The following figure shows an example of a map with three bus lines, “a”, “b”, and “c”. The starting point is marked S and the destination is D. In all the maps that we will consider for this assignment, the streets will be arranged in a grid. Furthermore, only buses of one bus line will run on any given street (so the same street cannot be labeled with two different bus lines).
Figure 1: A map of bus lines.
The above map is represented with the following graph. Each edge is marked with the bus line that it represents. The nodes of the graph are numbered consecutively, starting at zero from left to right and top to bottom, so for a graph with n nodes, the nodes are numbered 0,1,2,... ,n − 1.

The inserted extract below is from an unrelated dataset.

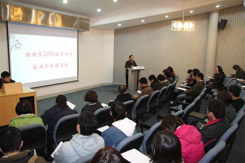 12月15日下午1:30瑞安楼报告厅,物理系召开了2010届毕业生就业工作推进会,物理系系主任王占山教授、系党总支书记周斌教授、副系主任羊亚平教授、波耳所副所长沈军教授和鲍鸿吉副教授以及相关人员和毕业班学生均参加了会议。系主任王占山教授、系党总支副书记考书健老师等均在会上发言。会议还特别邀请了242net官网登录入口大学生就业指导中心副主任陈红老师介绍在校学生在求职和职业规划方面的一些工作和(未来的一些)计划。

If, for example, we want to find a path from S to D that uses only one bus line change, a possible solution is the path 0,1,5,6,10. Note that there might be several paths as required; your program will need to find only one. Observe that the path 0,4,5,6,10 is not a valid solution as it requires three bus changes: at node 4 a change is needed from line “a” to line “c”, at node 5 a second bus change is needed from line “c” to line “a”, and at node 6 a third bus change is needed from line “a” to line “c”. Even though this last path is formed by edges belonging to only two bus lines, three bus line changes are needed.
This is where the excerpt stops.